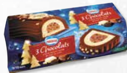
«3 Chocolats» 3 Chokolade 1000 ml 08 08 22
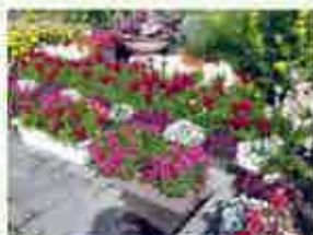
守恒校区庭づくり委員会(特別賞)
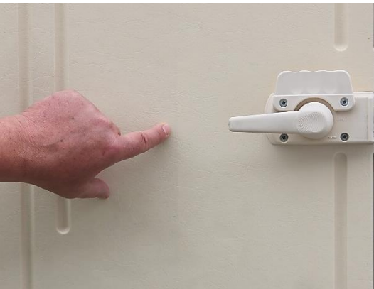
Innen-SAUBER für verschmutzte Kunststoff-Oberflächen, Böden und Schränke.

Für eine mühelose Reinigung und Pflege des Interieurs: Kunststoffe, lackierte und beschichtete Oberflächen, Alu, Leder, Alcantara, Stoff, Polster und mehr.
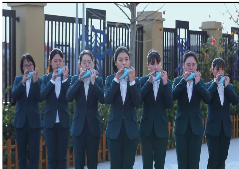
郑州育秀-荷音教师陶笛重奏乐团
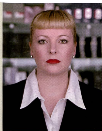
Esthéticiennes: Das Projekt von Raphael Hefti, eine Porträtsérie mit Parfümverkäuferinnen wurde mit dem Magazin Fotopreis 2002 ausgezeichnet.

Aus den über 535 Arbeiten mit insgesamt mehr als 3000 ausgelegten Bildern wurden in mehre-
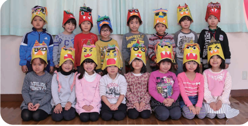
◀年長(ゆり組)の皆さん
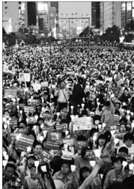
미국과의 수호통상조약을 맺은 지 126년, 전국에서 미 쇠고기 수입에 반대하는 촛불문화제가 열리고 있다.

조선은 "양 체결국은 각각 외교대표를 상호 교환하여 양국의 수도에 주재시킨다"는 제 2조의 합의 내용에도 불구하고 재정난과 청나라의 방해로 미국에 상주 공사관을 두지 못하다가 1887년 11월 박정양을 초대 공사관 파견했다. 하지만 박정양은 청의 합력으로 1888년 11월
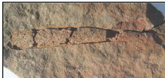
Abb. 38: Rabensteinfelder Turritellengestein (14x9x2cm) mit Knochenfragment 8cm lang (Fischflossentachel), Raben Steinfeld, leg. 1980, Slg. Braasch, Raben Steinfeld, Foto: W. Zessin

-- -- --

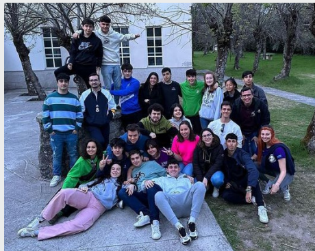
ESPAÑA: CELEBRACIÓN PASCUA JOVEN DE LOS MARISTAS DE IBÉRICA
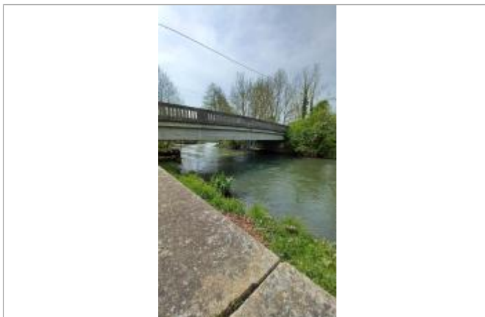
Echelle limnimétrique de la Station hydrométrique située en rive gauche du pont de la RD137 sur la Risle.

-- -- --

[Work instruction]
Wherever a line contains the string "Oberflächen", copy that line from the data.

[Answer space]
Innen-SAUBER für verschmutzte Kunststoff-Oberflächen, Böden und Schränke.
Für eine mühelose Reinigung und Pflege des Interieurs: Kunststoffe, lackierte und beschichtete Oberflächen, Alu, Leder, Alcantara, Stoff, Polster und mehr.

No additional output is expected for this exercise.